## Create Stock Price DataBase with Python & SQL

### Contents:

1. Create functions
2. Dow Jones Industrial Average (DJIA)
    - Scrape ticker lists from Wikipedia 
    - Download historical data from from Yahoo! Finance's API 
3. S&P/TSX60 
    - Scrape ticker lists from Wikipedia
    - Cleaning data for ticker lists to meet Yahoo! Finance's API
    - Download historical data from from Yahoo! Finance's API
4. Download fundamental data from Yahoo!
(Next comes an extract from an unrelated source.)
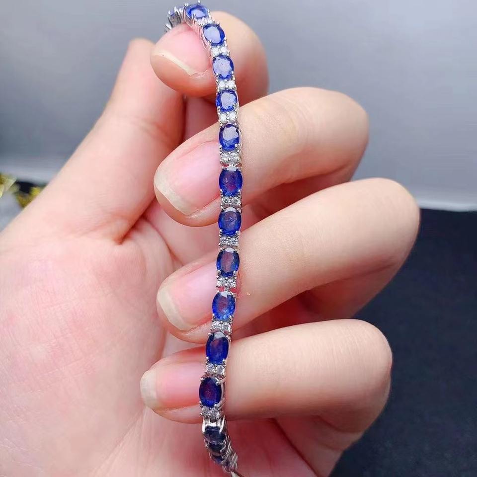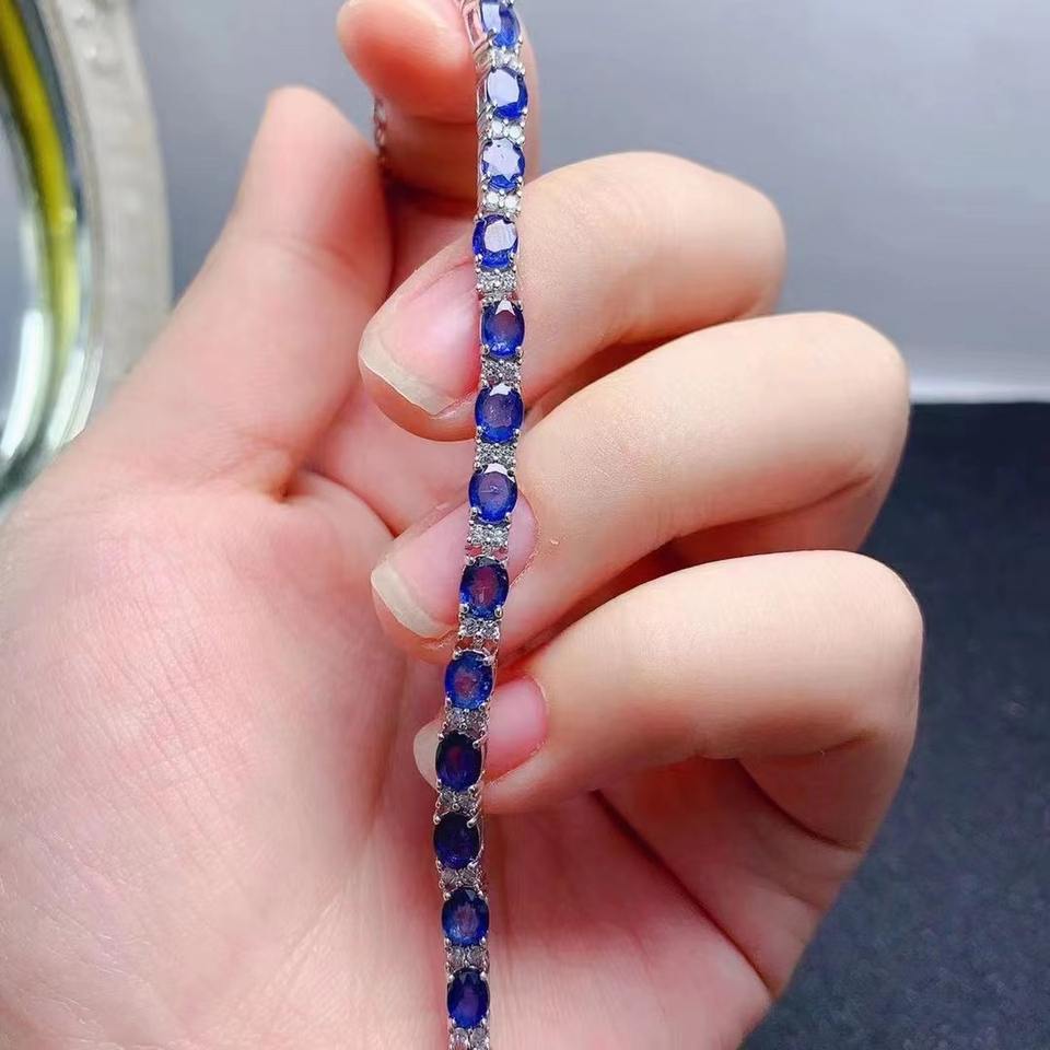 Couple Distance Chunky Bracelet à maillons en saphir naturel en argent sterling 925 pour femme Bracelets classiques plaqués or à un bon prix

Finance's API
5. Market information
    - Download historical market data for some important indexes
6. Create and import data into SQLite database

I am going to use this data for building a financial Analysis Dashboard on Power Bi and answer some questions about financial analysis using SQL

In [1]:
# Import important packages
import sqlalchemy
import yfinance as yf
import pandas as pd

##### The yfinance Ticker object:
* _start_ and _end_ dates
* _period_ instead of start/end
* valid periods: 1d, 5d, 1mo, 3mo, 6mo, 1y, 2y, 5y, 10y, ytd, max
* valid intervals: 1m, 2m, 5m, 15m, 30m, 60m, 90m, 1h, 1d, 5d, 1w, 1mo, 3mo
* _actions=True_: (Optional) inclues info on both dividends and splits.
* _prepost=True_: (Optional) download pre/post regular market hours data

## 1. Create Functions

In [2]:
# Function to collect data
def getData(tickers):
    data = []
    for ticker in tickers:
        data.append(yf.download(ticker, period='max').reset_index())
    return data


#Function to create symbol column and merge multiple data into one dataframe
def merge_data(frames, symbols):
    for i in range(len(frames)):
        frames[i]['Symbol'] = symbols[i]
    newframes = [df.set_index(['Date', 'Open', 'High', 'Low', 'Close', 'Adj Close', 'Volume', 'Symbol']) for df in frames]
    merged_df = pd.concat(newframes, axis=1).reset_index()
    return merged_df


#Function to create engine for database
def createengine(name):
    engine = sqlalchemy.create_engine('sqlite:///' + name +'.db')
    return engine


#Function to import data to database
def toSQL(frames,name_table, engine):
    frames.to_sql(name_table, engine, index=False)
    print('Successfully imported data')

## 2. Dow Jones Industrial Average (^DJI)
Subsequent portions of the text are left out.